What do computers and air conditioners have in common? they both become useless when you open windows.
A testing engineer... walks into a bar, runs into a bar, crawls into a bar, dances into a bar, tiptoes into a bar, rams into a bar, jumps into a bar, slides into a bar, stumbles into a bar, looks into a bar, . . . . . . . . . . . . . . . . . . ..........and still doesn't notice that the bar is missing its top....
A guy walks into a bar and asks for 1.4 root beers. the bartender says "i'll have to charge you extra, that's a root beer float". the guy says "in that case, better make it a double."
If jesus invented a programming language... 1) every program shall start with an include dad 2) constructors shall be referred to as bloody mary and you shall never question it. 3) exception handling would be simpler. all exceptions shall be handled by dad 4 ) along with the try/catch constructs, there shall be a fuck-all construct that dad would be using if pissed. 5) there won’t be any none in the language. they shall henceforth be called nun but behave similarly. 6) walking on water shall be a library and the method obj.fakewalk() does it for you. 7) every function shall return twice. 8) you shall never save your code because i save. 9) all compile errors shall henceforth be called judas and runtime, satan. 10) you shall receive an email from me if you fuck up. you shall never hear any voices, fool. 11) those who write best programs shall get to see me performing on sundays. 12) you shall not allocate/deallocate memory, dad does it 13) the method obj.nail_it() shall terminate your program. forever! 14) you shall never run your program after 9 pm. i sleep. 15) christmas is when all your programs run even without writing them. 16) all statements will end with a † and not ; 17) nobody gets to use ‘sleep’ method during the easter week. 18) model will be known as magdaline, view as vanity and controller as catholic in any mvc framework. 19) cron jobs shall be called resurrectors.
An engineer and an mba went camping and shared a tent. in the middle of the night, the engineer woke up the mba and said "you see those stars? what do you make of it?" mba: "i know everything about stars .... blah blah i know everything about the universe .... blah blah i know everything about galaxies ..... blah blah i know everything about the big bang ..... blah blah .... .... (condescendingly) well, what do *you* make of it?" engineer: "someone stole our tent"

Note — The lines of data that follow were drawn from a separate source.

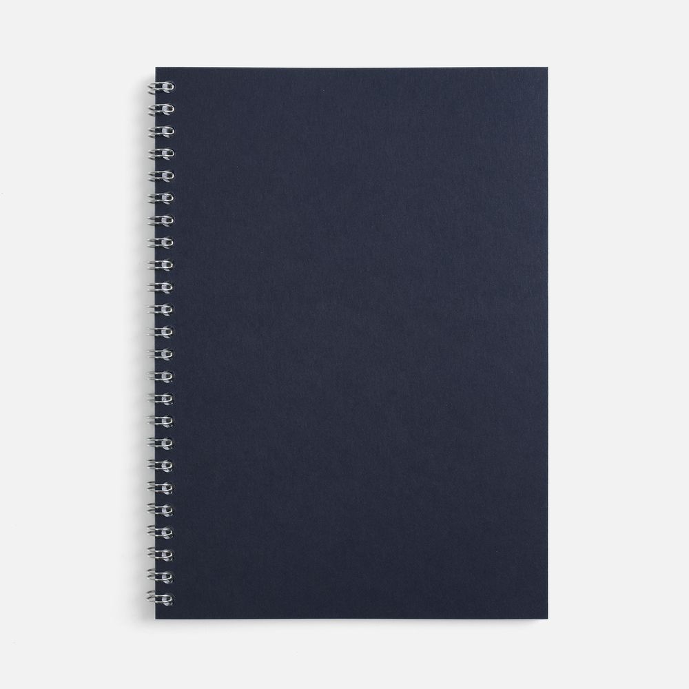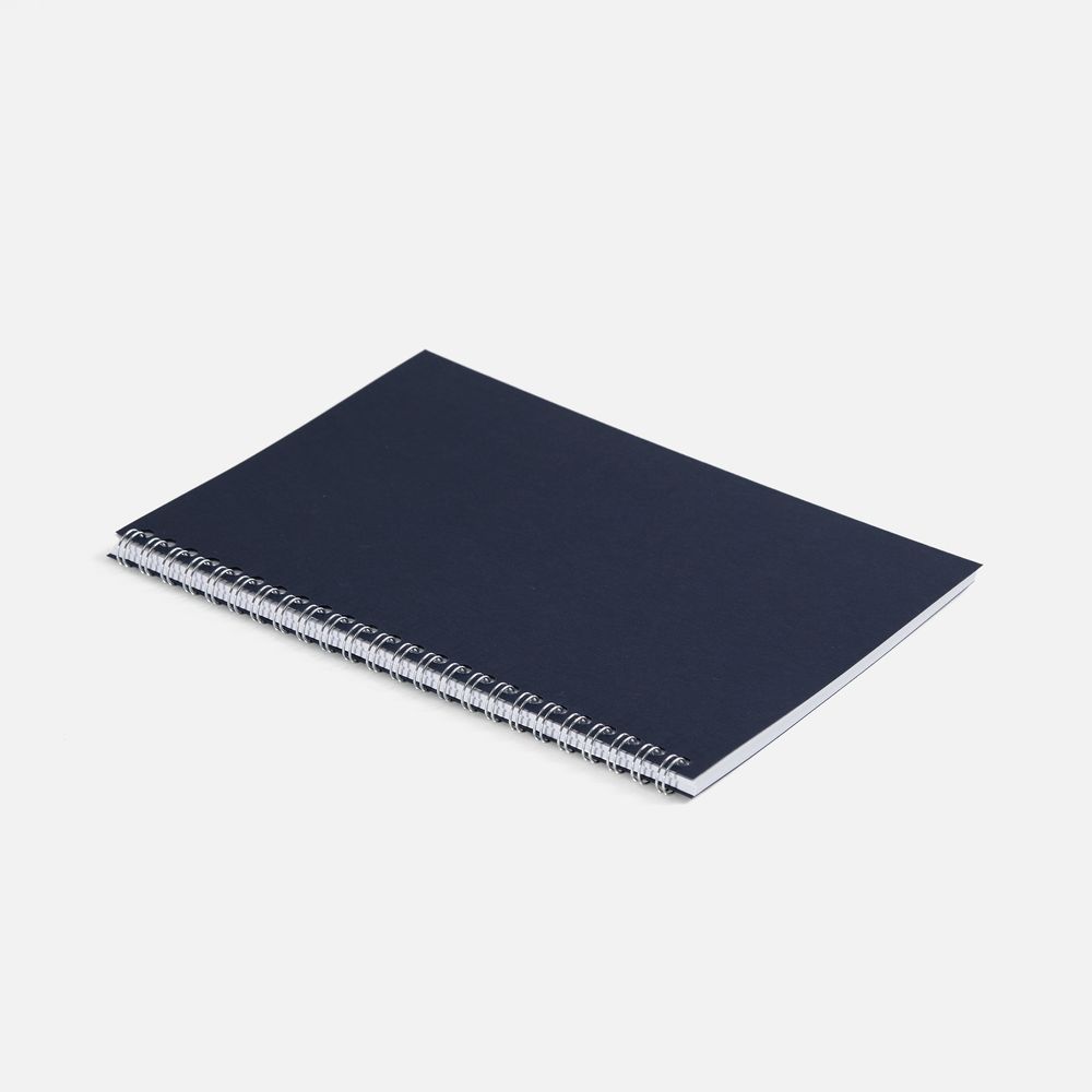 Блокнот формата А5 в клетку на пружине с цветной обложкой. Обложка из картона Macedonia Navy синего цвета плотностью 260 г/м². Блок из белой бумаги плотностью 70 г/м², 50 листов.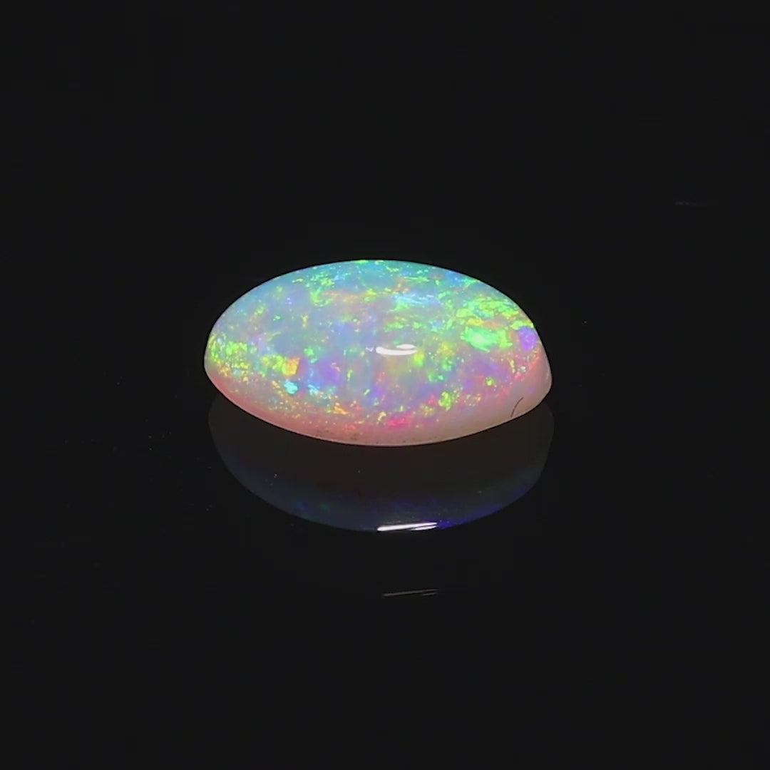 This dazzling 0.7-carat black opal from Lightning Ridge, Australia, showcases a magnificent array of colors, including vibrant red, orange, green, blue, and yellow. The stone's exceptional brilliance and natural color play make it a rare and valuable gem. Its domed cut enhances its reflective qualities, creating a mesmerizing visual effect under various lighting conditions. Perfect for a high-end jewelry piece or as a collector's gem, this opal epitomizes the beauty and mystique of Lightning Ridge black opals, treasured worldwide for their vivid and intricate color displays.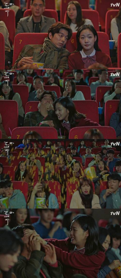 23일 밤 방송된 tvN 금토드라마 '도깨비'에서는 김신(공유)과 지은탁(김고은)의 영화관 데이트 모습이 그려졌다.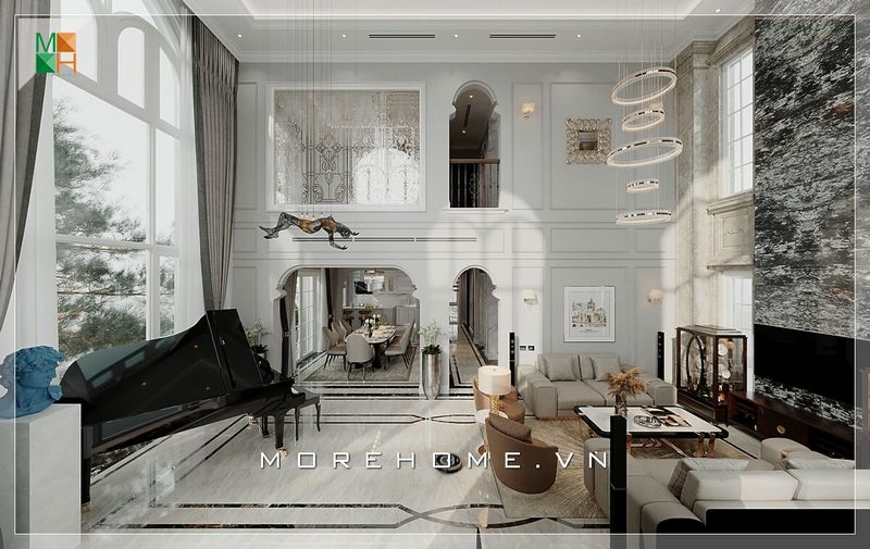 Nội thất phòng khách rộng được thiết kế với gam màu trung tính sẽ làm nổi bật nét đẳng cấp và sự sang trọng của ngôi nhà.

A programmer puts two glasses on his bedside table before going to sleep. a full one, in case he gets thirsty, and an empty one, in case he doesn't.
Context: my teammate wrote some code related to db caching & pool of strings. so we were debugging the code & here is the conversation: teammate1: yar akhir ye string, pool me kyu nahi jaa rhi ? (man, why the hell , this string is not going into the pool.) teammate2: abe , bahut thand hai na , isiliye nahi jaa rhi . (because, it's very cold.) everybody burst out laughing. ps: it was winters season that time.
"some people, when confronted with a problem, think "i know, i'll use regular expressions." now they have two problems."
A lady: can't you see the warning? smoking is injurious to health! computer programmer: we bother only about errors, not warnings!
Two unemployed lisp programmers, with only a few coins between them, are in line in the cafeteria. the first looks to the second and says, "splitp soup?"